WHAT NEEDS TO BE DONE:
Write the records out again without change. Leave the pictures behind.

** Opening MATERIAL FOR THIS TASK block **

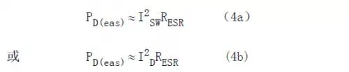 輸入輸出電容是功率開關(guān)或輸出整流器產(chǎn)生的高頻電流的唯一來源(或儲存處),所以通過觀察這些電流波形可以合理地確定流過這些電容ESR的電流。這個電流不可避免地在電容內(nèi)產(chǎn)生熱量。設(shè)計濾波電容的主要任務(wù)就是確保電容內(nèi)部發(fā)熱足夠低,以保證產(chǎn)品的壽命。式(4)給出了電容的ESR所產(chǎn)生的功率損耗的計算式。
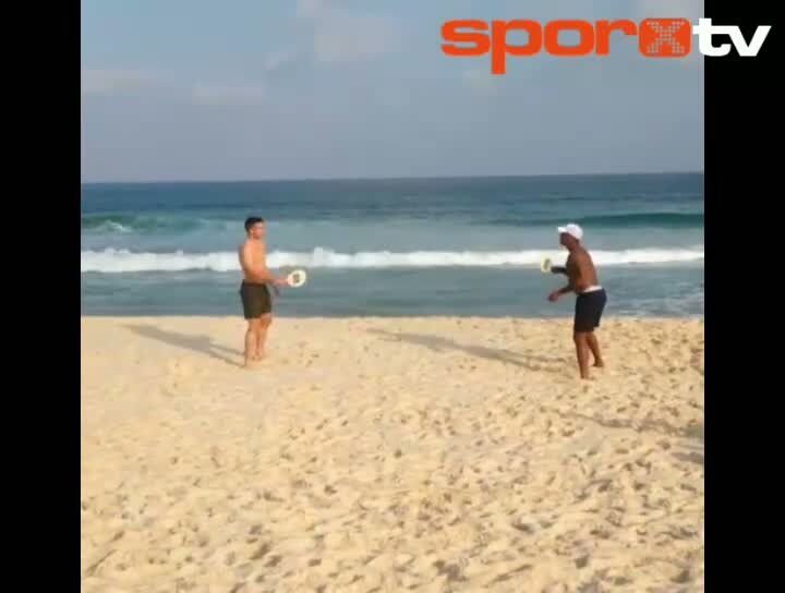 2014 Dünya Kupası için Brezilya'da bulunan Hollandalı yıldız Robin Van Persie, antrenörü Patrick Kluivert'la plajda tenis oynadı...
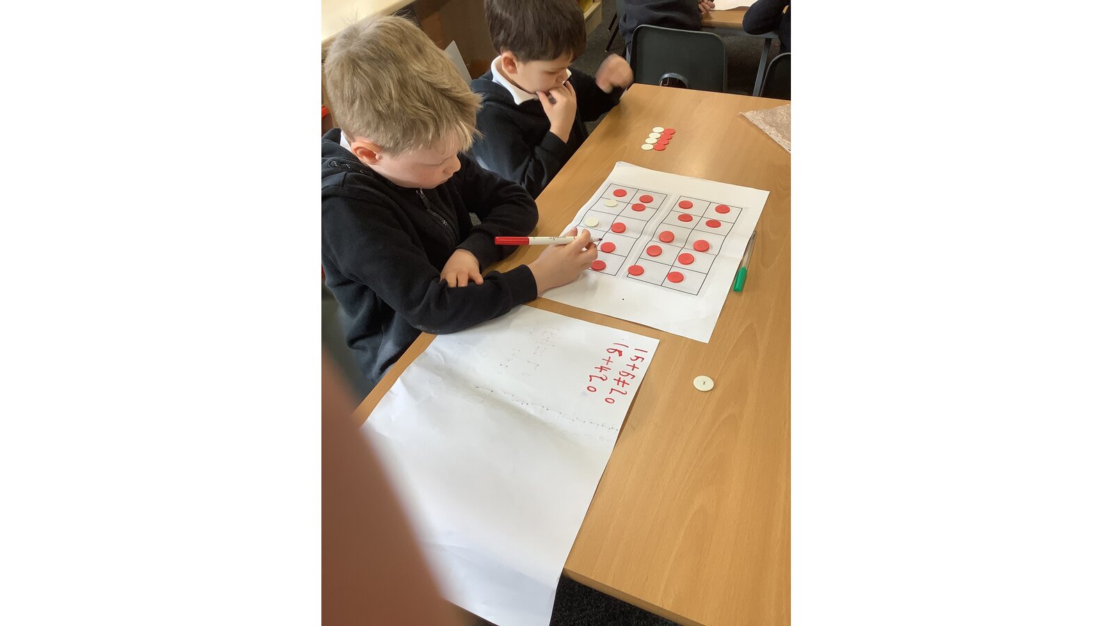 In maths today Year 1 have been using the ten frames to find number bonds to 20. We used our prior knowledge of number bonds to 10 to help us.
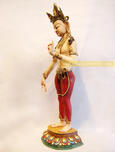 This 22” Padmapani Lokiteshvara is standing and holds stalk of lotus in his left hand. The right hand, opening outward, is lowered in a gesture of granting favors, which also indicates his readiness to help. Draped over his left shoulder is the skin of a wild deer renowned for its compassionate nature. Among the many forms of Avalokiteshvara, this two – armed, single – faced form called Padmapani which is probably the oldest. Avalokiteshvara is the embodiment of all the Buddha’s infinite compassion.
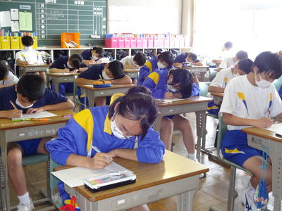 国語の基礎学力テストを行いました 2020年6月17日 17時47分 基礎的・基本的な内容の定着を図るために、基礎学力テストを実施しています。今回は国語です。基礎的な漢字が30問出題されました(全学年共通)。生徒達は寸暇を惜しんで頑張っていました。満点とれるといいですね!
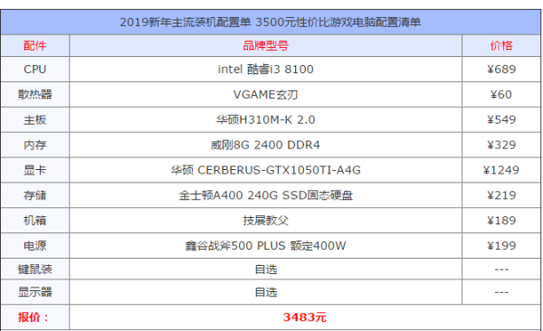 3500元性价比游戏电脑配置清单:今天电脑配置网给大家带来一套性价比很不错的游戏装机配置方案,主机的价位在3500元,很符合主流游戏用户的价格区间,高特效LOL,cf,中特效吃鸡、大型单机都可以应对。
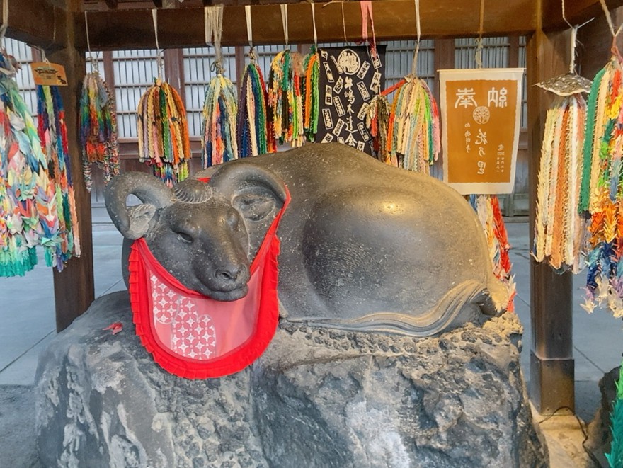 「撫で牛」は自分の身体の悪い部分と牛の同じ部分を撫でると病と心までもが治ると言われ、病気治癒のために参拝する人が多いそうです。
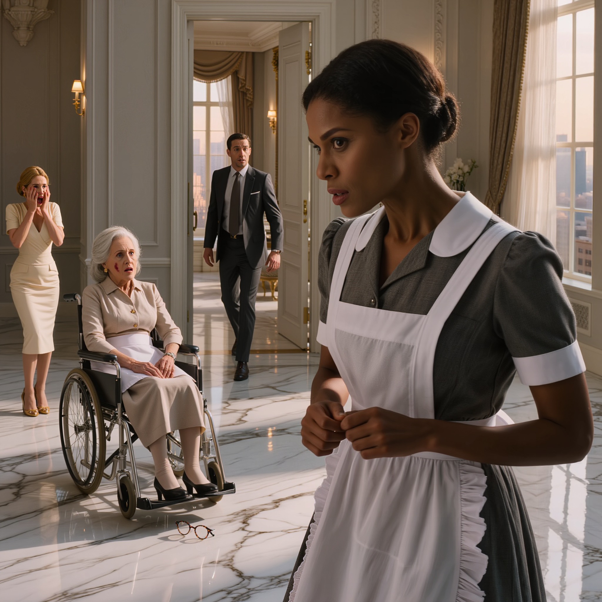 Lorsque la fiancée du milliardaire a giflé sa mère en fauteuil roulant, la femme de chambre a traversé le sol en marbre et a dit : « Ne la touchez plus. » Mais lorsqu’il est entré dans le penthouse et a trouvé sa fiancée par terre, sa mère tremblante et une paire de lunettes cassées à côté du fauteuil, personne dans cette pièce n’était préparé à la vérité qui s’était accumulée en silence pendant des mois.

** Closing MATERIAL FOR THIS TASK block **

SOLUTION TO THIS PROBLEM:
 輸入輸出電容是功率開關(guān)或輸出整流器產(chǎn)生的高頻電流的唯一來源(或儲存處),所以通過觀察這些電流波形可以合理地確定流過這些電容ESR的電流。這個電流不可避免地在電容內(nèi)產(chǎn)生熱量。設(shè)計濾波電容的主要任務(wù)就是確保電容內(nèi)部發(fā)熱足夠低,以保證產(chǎn)品的壽命。式(4)給出了電容的ESR所產(chǎn)生的功率損耗的計算式。
 2014 Dünya Kupası için Brezilya'da bulunan Hollandalı yıldız Robin Van Persie, antrenörü Patrick Kluivert'la plajda tenis oynadı...
 In maths today Year 1 have been using the ten frames to find number bonds to 20. We used our prior knowledge of number bonds to 10 to help us.
 This 22” Padmapani Lokiteshvara is standing and holds stalk of lotus in his left hand. The right hand, opening outward, is lowered in a gesture of granting favors, which also indicates his readiness to help. Draped over his left shoulder is the skin of a wild deer renowned for its compassionate nature. Among the many forms of Avalokiteshvara, this two – armed, single – faced form called Padmapani which is probably the oldest. Avalokiteshvara is the embodiment of all the Buddha’s infinite compassion.
 国語の基礎学力テストを行いました 2020年6月17日 17時47分 基礎的・基本的な内容の定着を図るために、基礎学力テストを実施しています。今回は国語です。基礎的な漢字が30問出題されました(全学年共通)。生徒達は寸暇を惜しんで頑張っていました。満点とれるといいですね!
 3500元性价比游戏电脑配置清单:今天电脑配置网给大家带来一套性价比很不错的游戏装机配置方案,主机的价位在3500元,很符合主流游戏用户的价格区间,高特效LOL,cf,中特效吃鸡、大型单机都可以应对。
 「撫で牛」は自分の身体の悪い部分と牛の同じ部分を撫でると病と心までもが治ると言われ、病気治癒のために参拝する人が多いそうです。
 Lorsque la fiancée du milliardaire a giflé sa mère en fauteuil roulant, la femme de chambre a traversé le sol en marbre et a dit : « Ne la touchez plus. » Mais lorsqu’il est entré dans le penthouse et a trouvé sa fiancée par terre, sa mère tremblante et une paire de lunettes cassées à côté du fauteuil, personne dans cette pièce n’était préparé à la vérité qui s’était accumulée en silence pendant des mois.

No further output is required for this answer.